18/02/2017
The Notebook
Se oyó un trueno ensordecedor y cayó otro chaparrón. Allie oyó la lluvia en el tejado, el chisporroteo de la leña mientras las llamas temblorosas iluminaban la habitación. Miró por la ventana y vio cómo el cielo gris se aclaraba apenas por un segundo. Al cabo de un instante, oyó otro trueno. Esta vez más cercano.
Tomó una manta del sofá y se sentó sobre la alfombra, frente al fuego. Cruzó las piernas, se envolvió con la manta en la posición más cómoda posible, y contempló las llamas danzarinas. Noah volvió, la miró y se sentó junto a ella. Apoyó dos vasos en el suelo y sirvió el whisky. Fuera, el cielo se oscureció aún más.
Otro trueno, esta vez más fuerte. La tormenta rugía con furia, los vientos formaban torbellinos con el agua.
—Es una señora tormenta —comentó Noah mirando las hileras de gotas que caían verticalmente sobre los vidrios de las ventanas.
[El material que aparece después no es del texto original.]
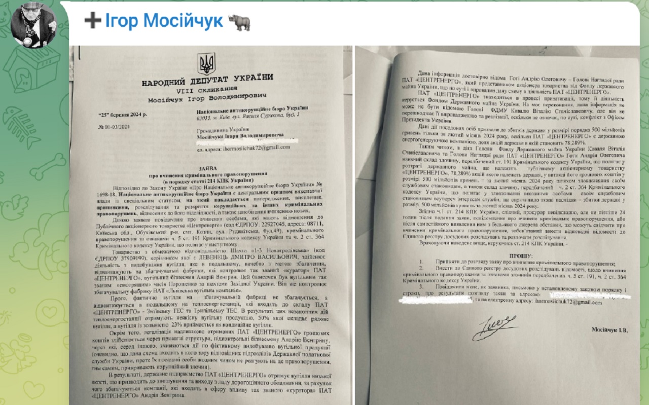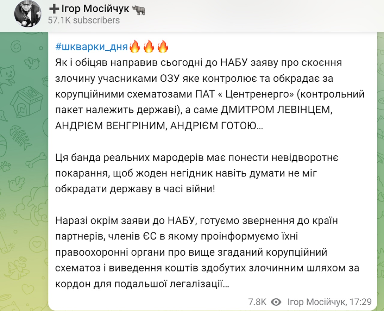"Направил сегодня в НАБУ заявление о совершении преступления участниками ОПГ, которое контролирует и обворовывает по коррупционным схематозам ПАО "Центрэнерго" (контрольный пакет принадлежит государству), а именно ДМИТРИЕМ ЛЕВИНЦОМ, АНДРИЕМ ВЕНГРИНЫМ, АНДРЕЕМ ГОТОЙ... Кроме заявлений в НАБУ, готовим обращение к странам-партнерам, членам ЕС, в котором проинформируем их правоохранительные органы о вышеупомянутом коррупционном схематозе и выводе средств полученных преступным путем за границу для дальнейшей легализации", – пишет Мосийчук.

Allie y él estaban muy cerca, aunque no se tocaban. Noah vio cómo el pecho de la joven se levantaba ligeramente con cada inspiración y volvió a fantasear con el contacto de su cuerpo, pero luchó contra aquellos pensamientos.
—Me gusta —aseguró ella bebiendo un sorbo de whisky—. Siempre me hangustado las tormentas eléctricas. Incluso cuando era pequeña.
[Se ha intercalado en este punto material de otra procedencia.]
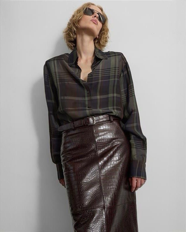 Клетка в тандеме с кожей – одно из самых эффектных сочетаний сезона. Мягкая шерстяная фактура принта и гладкий блеск кожи создают контраст, который выглядит дорого. Такой дуэт прекрасно сработает в городских образах: пальто в клетку плюс кожаная юбка или брюки. Добавьте сюда лаконичные аксессуары, сумку классической формы и обувь на устойчивом каблуке, чтобы получить современный образ.

—¿Por qué? —preguntó él por decir algo, por mantener la calma.
—No sé. Siempre me han parecido románticas.
Guardó silencio un momento, y Noah miró el reflejo de las llamas en sus ojos esmeralda. Luego Allie dijo:
—¿Recuerdas que pocas noches antes que me marchara, nos sentamos juntos a mirar una tormenta?
—Claro que lo recuerdo.
—Cuando volví a casa, no podía dejar de pensar en ese día. Me obsesionaba el aspecto que tenías aquella noche. Siempre te recordé así.
—¿He cambiado mucho?
Allie bebió otro sorbo de whisky y sintió el calor del líquido en la garganta. Cuando respondió, le rozó las manos.
—En realidad, no. Al menos en las cosas que yo recuerdo. Has madurado, desde luego, y se nota que has vivido, pero aún conservas el mismo brillo en los ojos. Todavía lees poesía y navegas en el río. Y todavía tienes una dulzura que ni
siquiera la guerra pudo robarte.
Noah pensó en sus palabras y sintió el contacto de su mano en la suya, su pulgar trazando círculos lentamente.
—Allie, antes me preguntaste qué era lo que recordaba mejor de aquel verano. ¿Qué recuerdas tú?
Ella tardó unos minutos en contestar. Cuando lo hizo, su voz pareció llegar desde un lugar muy lejano.
—Recuerdo que hicimos el amor. Es el recuerdo más vivo. Tú fuiste el primero, y fue mucho más hermoso de lo que nunca hubiera llegado a soñar.
Noah bebió un trago de whisky, recordando, reviviendo los viejos
sentimientos, pero de repente sacudió la cabeza. Las cosas ya eran demasiado difíciles tal como estaban. Allie prosiguió:
—Recuerdo que tenía tanto miedo que temblaba, pero al mismo tiempo estaba muy excitada. Me alegro de que fueras el primero. Me alegro de que compartiéramos aquella experiencia.
—Yo también.
—¿Estabas tan asustado como yo? —Noah asintió en silencio, y ella premió su sinceridad con una sonrisa. —Lo suponía. Siempre fuiste tímido, sobre todo al principio. Recuerdo que me preguntaste si tenía novio, y cuando te contesté que sí, prácticamente dejaste de hablarme.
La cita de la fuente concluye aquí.